■ WHAT YOU ARE ASKED TO DO
Though the records contain pictures, copy none of them; repeat exactly the lines from the one with "Высота:43 Sumptuous coffee" to the end.

====================

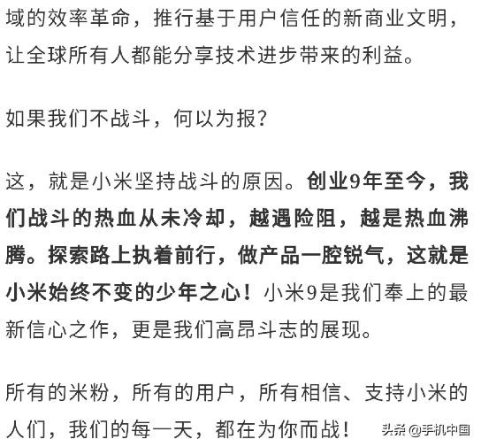 【手机中国新闻】2月13日10点,小米年度旗舰小米9正式官宣,这款将于2月20日发布的新品吸引了众多人的关注,好看又能打的口号更是深入人心。从宣传海报来看,小米高调宣布“为你而战”,这也成为了小米9的主旋律,那么到底是为谁而战呢?小米9官宣之后,雷军也发千字长文,向米粉“呐喊”,小米到底在为谁而战!
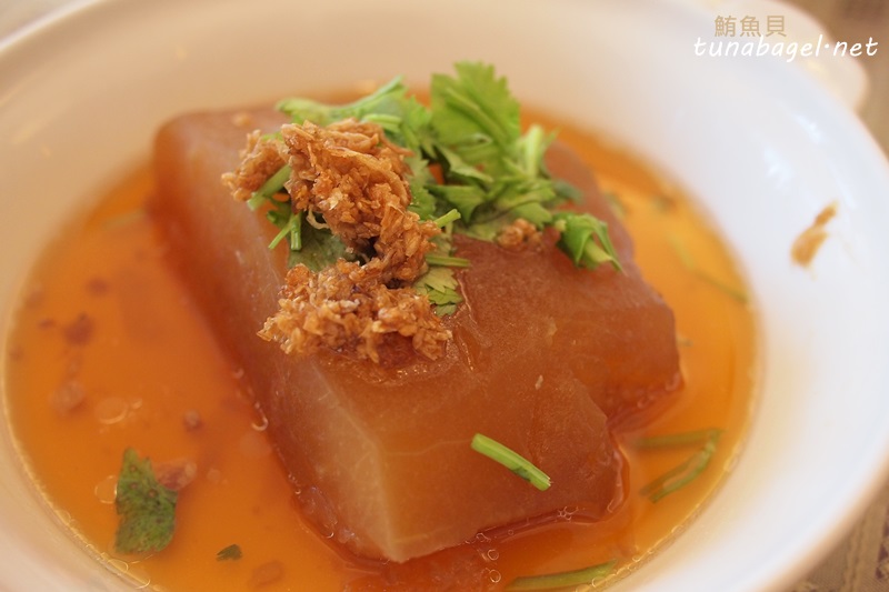 總共是五菜一湯,第二道是冬瓜封,『封』這個字有悶煮時不能打開鍋蓋的意思,可是不打開的話,怎麼知道煮好了沒啊?萬一煮半天結果發現根本沒開瓦斯…. …嗯,那可能需要馬上去笨板接受治療(誤)。總之我不喜歡冬瓜(冬瓜青我可以),但這種燉到每一吋都是醬油味,清清爽爽、頭上灑點蔥酥還是蒜酥的不軟爛冬瓜,吃起來還挺順口的。
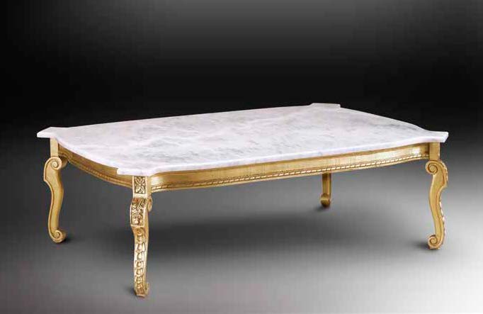 Высота:43 Sumptuous coffee table for the living room, on notched legs. The model is carved from solid wood tinted in a golden shade, decorated with hand-carved floral patterns and scrolls. Topped with white polished marble top, this table has been designed with attention to the tiniest details in terms of functionality and ergonomics. Available in other colors, according to the catalog.
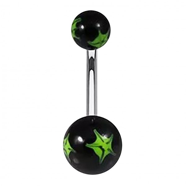 Piercing Nombril Original Peint Main Etoiles Vert / Noir
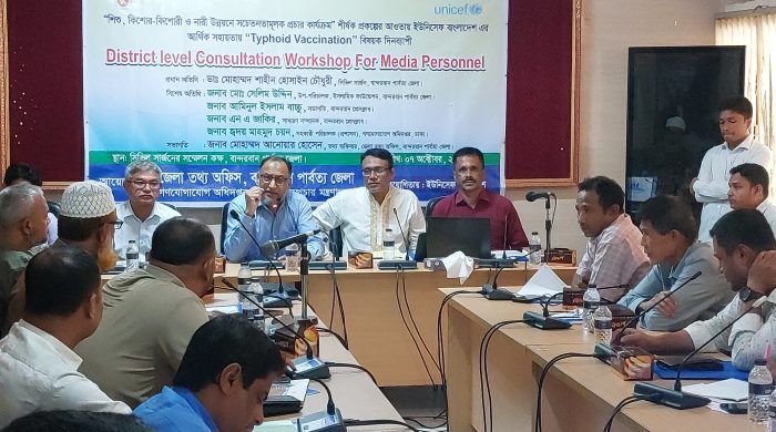 A day-long “Orientation Workshop” on Typhoid Vaccination held with journalists in Bandarban.The workshop was held on Tuesday (October 7) at the District Civil Surgeon Conference Room.The Bandarban District Information Office

====================

■ TASK OUTPUT
 Высота:43 Sumptuous coffee table for the living room, on notched legs. The model is carved from solid wood tinted in a golden shade, decorated with hand-carved floral patterns and scrolls. Topped with white polished marble top, this table has been designed with attention to the tiniest details in terms of functionality and ergonomics. Available in other colors, according to the catalog.
 Piercing Nombril Original Peint Main Etoiles Vert / Noir
 A day-long “Orientation Workshop” on Typhoid Vaccination held with journalists in Bandarban.The workshop was held on Tuesday (October 7) at the District Civil Surgeon Conference Room.The Bandarban District Information Office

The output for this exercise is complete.